What you have to do:
Give back an exact copy of the lines in the records below, from the line that has "为了进一步检验各变量区分效度" through the line that has "2. Linda wears/ she is wearing", and nothing besides.

** Dataset follows **

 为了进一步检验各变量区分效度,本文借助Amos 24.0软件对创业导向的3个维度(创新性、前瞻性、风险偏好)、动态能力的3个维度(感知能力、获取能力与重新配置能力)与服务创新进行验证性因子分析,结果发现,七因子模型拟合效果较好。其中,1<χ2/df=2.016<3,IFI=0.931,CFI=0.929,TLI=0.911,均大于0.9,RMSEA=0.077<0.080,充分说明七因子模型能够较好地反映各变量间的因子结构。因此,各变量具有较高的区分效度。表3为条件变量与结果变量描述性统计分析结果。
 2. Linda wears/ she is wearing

** End of Dataset **
** Dataset follows **

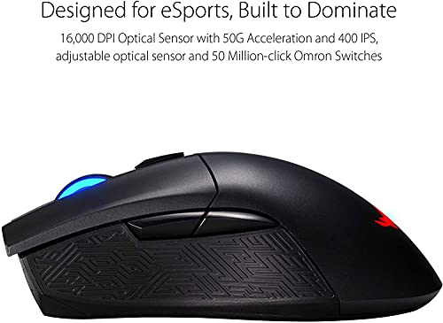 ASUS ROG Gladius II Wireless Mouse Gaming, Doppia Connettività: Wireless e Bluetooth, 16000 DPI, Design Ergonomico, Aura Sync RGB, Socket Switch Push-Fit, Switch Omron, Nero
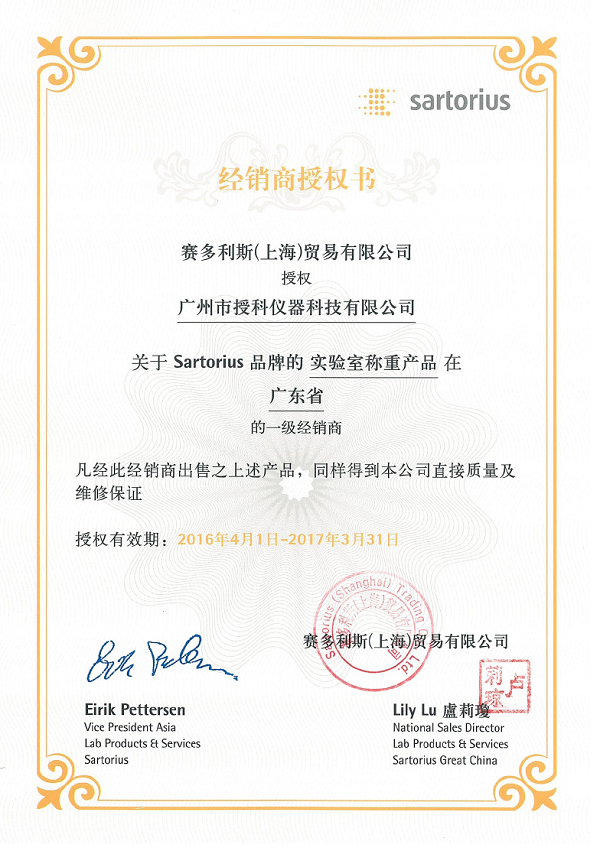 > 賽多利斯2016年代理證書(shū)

** End of Dataset **
** Dataset follows **

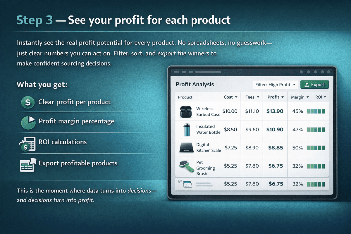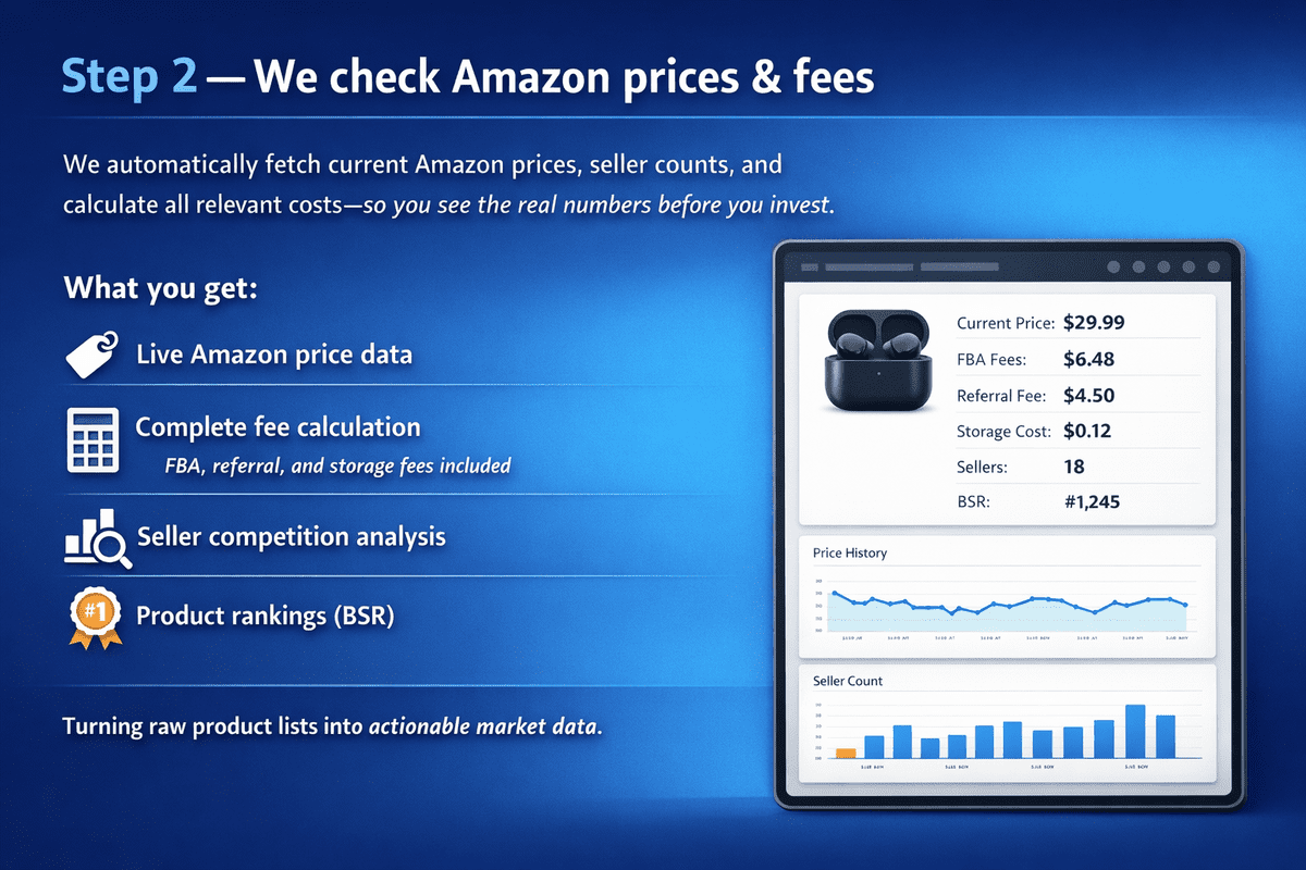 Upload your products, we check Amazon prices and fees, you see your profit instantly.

** End of Dataset **

Task response:
 为了进一步检验各变量区分效度,本文借助Amos 24.0软件对创业导向的3个维度(创新性、前瞻性、风险偏好)、动态能力的3个维度(感知能力、获取能力与重新配置能力)与服务创新进行验证性因子分析,结果发现,七因子模型拟合效果较好。其中,1<χ2/df=2.016<3,IFI=0.931,CFI=0.929,TLI=0.911,均大于0.9,RMSEA=0.077<0.080,充分说明七因子模型能够较好地反映各变量间的因子结构。因此,各变量具有较高的区分效度。表3为条件变量与结果变量描述性统计分析结果。
 2. Linda wears/ she is wearing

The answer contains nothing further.